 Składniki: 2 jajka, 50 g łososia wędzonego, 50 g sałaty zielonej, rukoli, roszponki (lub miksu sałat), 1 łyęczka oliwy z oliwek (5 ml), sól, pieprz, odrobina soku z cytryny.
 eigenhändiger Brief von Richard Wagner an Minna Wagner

...

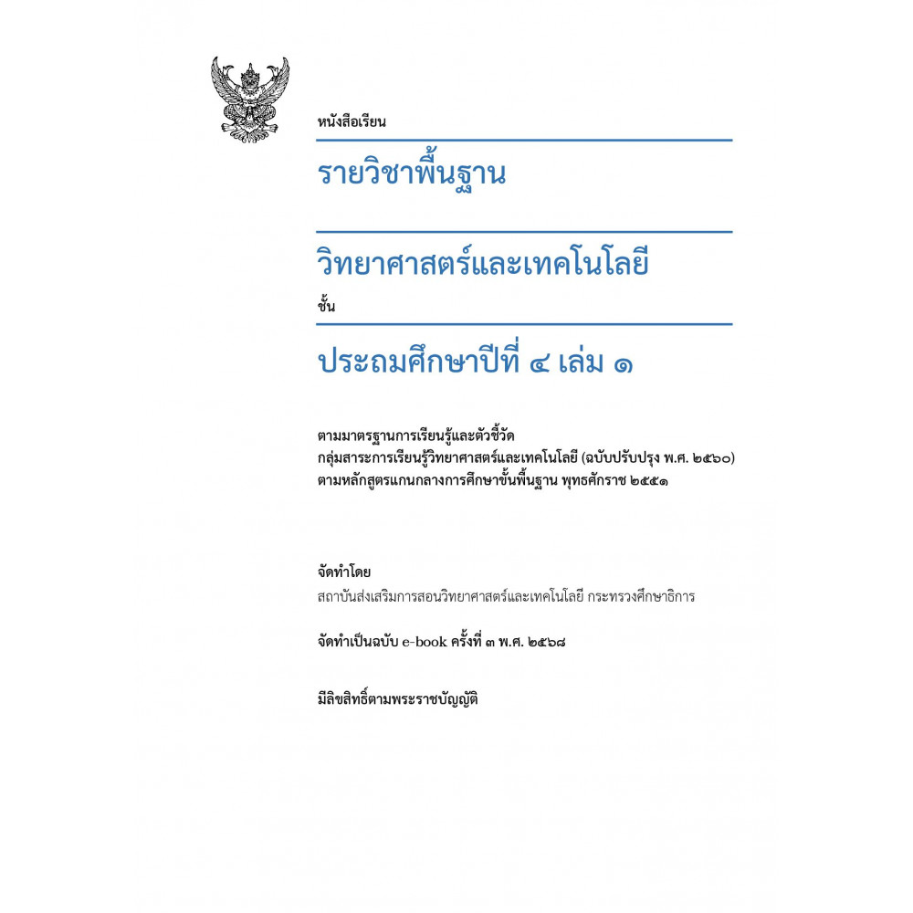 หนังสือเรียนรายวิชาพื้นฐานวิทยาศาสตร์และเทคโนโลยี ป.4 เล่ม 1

---

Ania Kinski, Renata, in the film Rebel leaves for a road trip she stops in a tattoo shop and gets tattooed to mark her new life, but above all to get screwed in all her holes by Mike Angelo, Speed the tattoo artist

__Task objective__. Set down only the lines above that fall between the line holding "Składniki: 2 jajka, 50" and the line holding "eigenhändiger Brief von", inclusive, keeping each exact.

__Exercise answer__.
 Składniki: 2 jajka, 50 g łososia wędzonego, 50 g sałaty zielonej, rukoli, roszponki (lub miksu sałat), 1 łyęczka oliwy z oliwek (5 ml), sól, pieprz, odrobina soku z cytryny.
 eigenhändiger Brief von Richard Wagner an Minna Wagner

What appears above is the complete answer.